*Problem statement*.
I would like the lines below, from the one with "Genuine Leather Platform" through the one with "我们发起了药物遗传学中的隐私", copied exactly and without any pictures.

*Task data*.

*** Begin section ***

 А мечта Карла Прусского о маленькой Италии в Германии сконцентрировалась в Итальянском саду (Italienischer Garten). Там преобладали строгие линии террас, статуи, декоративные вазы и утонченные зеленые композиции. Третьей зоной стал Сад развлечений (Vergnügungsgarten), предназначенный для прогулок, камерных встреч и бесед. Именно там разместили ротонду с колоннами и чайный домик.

*** End section ***
*** Begin section ***

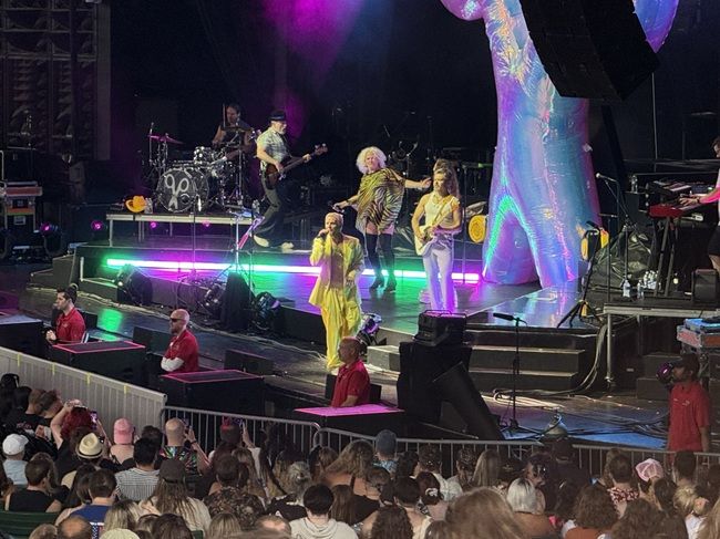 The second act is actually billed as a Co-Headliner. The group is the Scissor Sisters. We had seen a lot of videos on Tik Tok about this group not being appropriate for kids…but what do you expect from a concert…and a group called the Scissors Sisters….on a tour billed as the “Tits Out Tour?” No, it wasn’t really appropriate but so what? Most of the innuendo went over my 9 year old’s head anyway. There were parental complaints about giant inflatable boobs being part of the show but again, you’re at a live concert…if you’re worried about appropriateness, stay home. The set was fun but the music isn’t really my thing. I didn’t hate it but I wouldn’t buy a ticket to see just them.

*** End section ***
*** Begin section ***

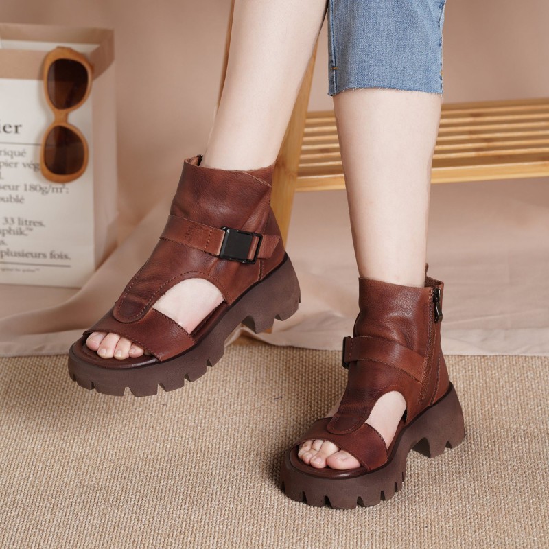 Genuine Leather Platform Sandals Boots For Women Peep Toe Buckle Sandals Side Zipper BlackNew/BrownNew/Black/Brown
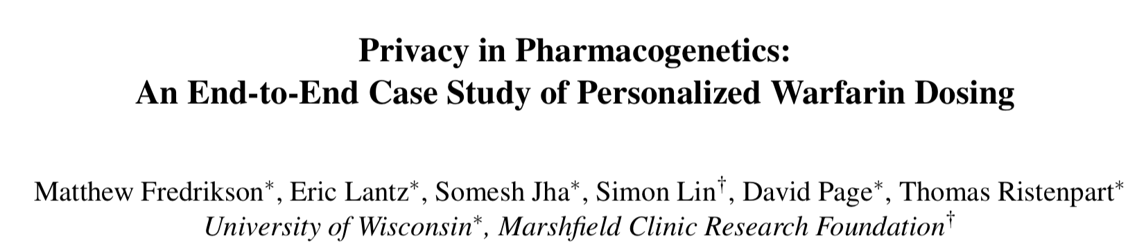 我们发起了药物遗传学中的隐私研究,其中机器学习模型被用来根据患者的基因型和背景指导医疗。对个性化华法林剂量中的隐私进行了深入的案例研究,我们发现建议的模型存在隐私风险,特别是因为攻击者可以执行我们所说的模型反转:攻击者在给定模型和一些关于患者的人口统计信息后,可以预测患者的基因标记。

*** End section ***

*Expected answer*.
 Genuine Leather Platform Sandals Boots For Women Peep Toe Buckle Sandals Side Zipper BlackNew/BrownNew/Black/Brown
 我们发起了药物遗传学中的隐私研究,其中机器学习模型被用来根据患者的基因型和背景指导医疗。对个性化华法林剂量中的隐私进行了深入的案例研究,我们发现建议的模型存在隐私风险,特别是因为攻击者可以执行我们所说的模型反转:攻击者在给定模型和一些关于患者的人口统计信息后,可以预测患者的基因标记。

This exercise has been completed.